Rasulullah Shallallahu Alaihi Wasallam juga menegaskan dalam sabdanya :

مَن أَكْثَرَ الِاسْتِغْفَارَ جَعَلَ اللهُ لَهُ مِنْ كُلِّ هَمٍّ فَرَجاً، وَمِنْ كُلِّ ضَيْقٍ مَخْرَجاً، وَرَزَقَهُ مِنْ حَيْثُ لاَ يَحْتَسِبُ

Barangsiapa memperbanyak istighfar, niscaya Allâh merubah setiap kesedihannya menjadi kegembiraan; Allah Azza wa Jalla memberikan solusi dari setiap kesempitannya (kesulitannya), dan Allâh anugerahkan rizki dari jalur yang tiada disangka-sangka. (HR. Ahmad dan al-Hakim)

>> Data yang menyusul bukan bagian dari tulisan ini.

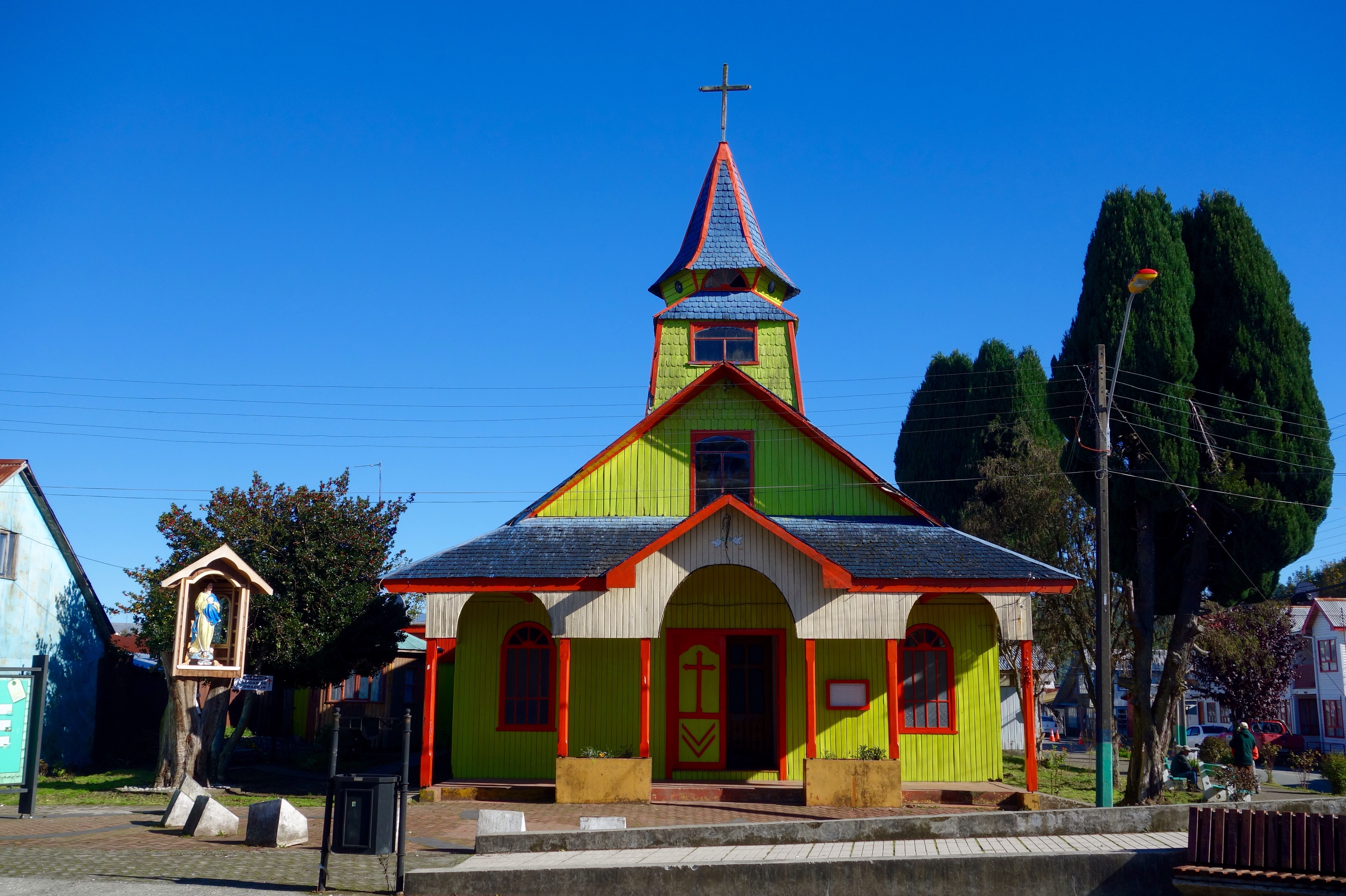 On the eastern coast of the island along the lower quarter of the top half (I’ll wait a moment…ok) are a number of fishing villages known for their friendly (if rough around the edges) inhabitants, unique churches and shellfish dishes. Joined by two girls I met at my hostel in Ancud I took a bus to the top of the main stretch and spent the day walking along the coastal beaches, over forested hills and through small plots of grassy farmland full of sheep and packs of guard dogs whose bark was hard to take seriously when they flopped over after a few seconds of ear scratching. It was a beautiful, relaxing day, but when it came to hitching a ride back to the bus station (about 15km away) at dusk we became well-aware of the incredible lack of cars driving on the road. Finally, just as the sun slipped over the hill we were picked up by someone who happened to be going exactly where we needed to go. We caught the last bus back to Ancud and the day remained a great one. It’s funny how these this always seem to work out.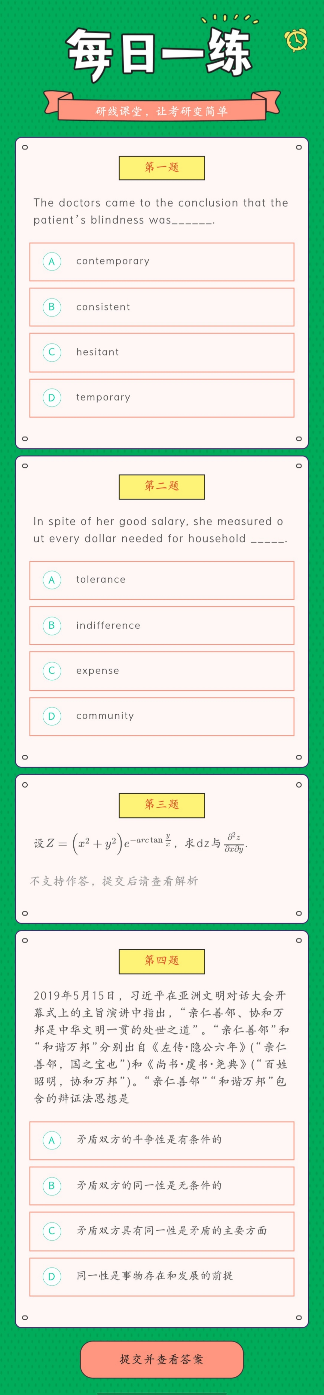 以上就是今日每日一練的全部內(nèi)容,跟著每日一練,考研輕松復習!更多考試練習,點擊考研每日一練!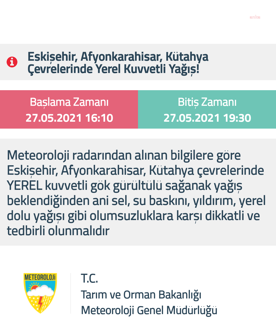 "Meteoroloji radarından alınan bilgilere göre, Eskişehir, Afyonkarahisar, Kütahya çevrelerinde YEREL kuvvetli gök gürültülü sağanak yağış beklendiğinden ani sel, su baskını, yıldırım, yerel dolu yağışı gibi olumsuzluklara karşı dikkatli ve tedbirli olunmalıdır."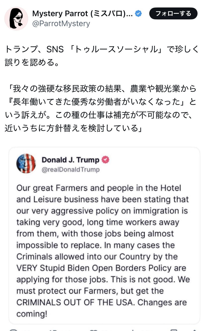 トランプのX翻訳したら堂々と不法移民の事不法エイリアンって言ってて笑ったw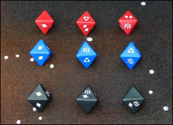 On termine cette revue du matériel avec les dés spéciaux à huit faces permettant de résoudre les attaques (les défenses des vaisseaux ne sont pas gérées avec des dés). Ils sont de trois types : rouges, bleus et noirs. Les noirs représentent les tirs à courte portée, les bleus les tirs à courte et moyenne portées et les rouges les tirs à courte, moyenne et longue portées. Chaque série de dés possède ses propres faces. On notera que les dits dés sont plutôt classiques et, surtout, qu'ils sont en nombre insuffisant ! Etant donné le prix de la boite (près de 100€), on peut estimer que l'éditeur se fiche un petit peu de ses clients. Il est clair qu'il souhaite maximiser les profits en vendants des blisters de dés supplémentaires.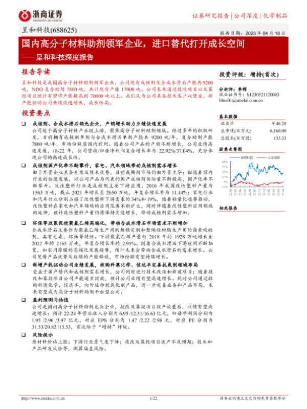 【浙商证券】【20230418】呈和科技深度报告:国内高分子材料助剂领军企业,进口替代打开成长空间-22页 行业研究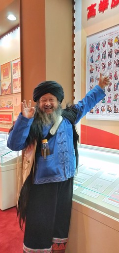 四川省甘孜縣郵政分公司長途郵運駕駛員其美多吉觀看展覽后,表示展覽很震撼:“通過郵票看到改革開放40年以來祖國的變化,也看到了郵政的變化,非常激動!”他專注地觀賞了“民族大團(tuán)結(jié)”郵票中藏族的那一枚。彝族同胞、南澗跳菜傳承人阿本枝也對“民族大團(tuán)結(jié)”郵票情有獨鐘:“第一排右邊數(shù)第二個就是彝族,我不屬于那個分支,但那個‘茲提’是很準(zhǔn)確的,這套郵票很棒!”身著彝族服裝、蓄著大胡子的阿本枝在現(xiàn)場為郵票豎起了大拇指。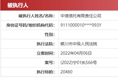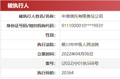 日前,中国执行信息公开网显示,中信信托有限责任公司(下称“中信信托”)产生两则被执行信息,执行标的共40824元,执行法院均为银川市中级人民法院。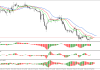 No indicador AC, há uma série de barras vermelhas acima da linha zero. Esse é um sinal negativo para o mercado. Indica uma diminuição na energia do movimento para a direção de alta. No entanto, o movimento de alta permanece prevalente enquanto o preço estiver acima da linha vermelha do Alligator.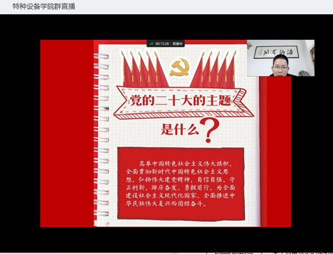 为深入学习贯彻党的二十大精神,把全体教职工的思想和行动统一到党的二十大精神上来,把智慧和力量凝聚到落实党的二十大确定的各项任务上来,12月14日,特种设备公司党总支书记郭伟刚以《学习贯彻党的二十大精神 推进职业教育现代化》为题,为永利23411集团全体教师党员、教职工上了一堂专题党课,宣讲党的二十大精神。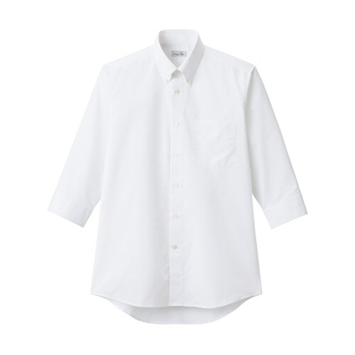 幅広いシーンで活躍する、定番ブロード生地のメンズボタンダウン七分袖シャツ。左胸アウトポケット付き。防シワ防汚 |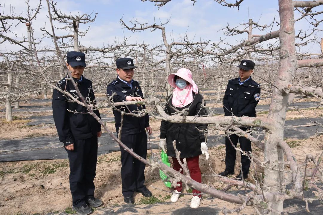 在這片希望的田野上,一抹抹藏藍色的身影穿梭于果園中,格外引人注目。“老武,今年果樹長勢不錯啊!不過最近天氣干燥,可得注意防火,別在地頭抽煙了!”民警張?zhí)锝芤贿呇策?,一邊笑著提醒正在修剪果樹的果農(nóng)武大叔。“放心吧,張警官,你們天天來巡邏,我們心里踏實多了!”武大叔擦了擦額頭的汗,連連點頭道。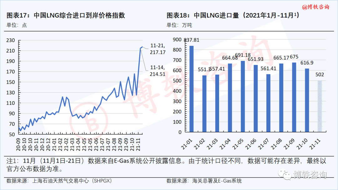 11月15日-21日,中国LNG综合进口到岸价格指数为217.17(C.I.F,不含税费、加工费),周环比(11月8日-14日)上升1.24%,同比上涨166.30%。

Ketiga sedekah mendatangkan rezeki bahkan dengan berlipat-lipat. Inilah jaminan Allah bahwa bersedekah bukan mengurangi harta dan bertambah miskin namun akan membuatnya semakin kaya bersedekah ibarat sumber air yang terus mengalir. Firman Allah di dalam Alquran :

وَمَا أَنْفَقْتُمْ مِنْ شَيْءٍ فَهُوَ يُخْلِفُهُ

“Dan barang apa saja yang kamu nafkahkan, maka Allah akan menggantinya dan Dia lah Pemberi rezeki yang sebaik-baiknya” (Qs Saba’ 39).

Dalam sebuah Hadis Qudsi yang diriwayatkan dari Abu Hurairah radhiyallahu ‘anhu, Rasulullah shallallahu ‘alaihi wasallam bersabda, Allah Ta’ala berfirman:

أَنْفِقْ يَا ابْنَ آدَمَ أُنْفِقْ عَلَيْكَ

“Berinfaklah wahai anak Adam, niscaya Aku berinfak kepadamu” (Muttafaq ‘Alaih).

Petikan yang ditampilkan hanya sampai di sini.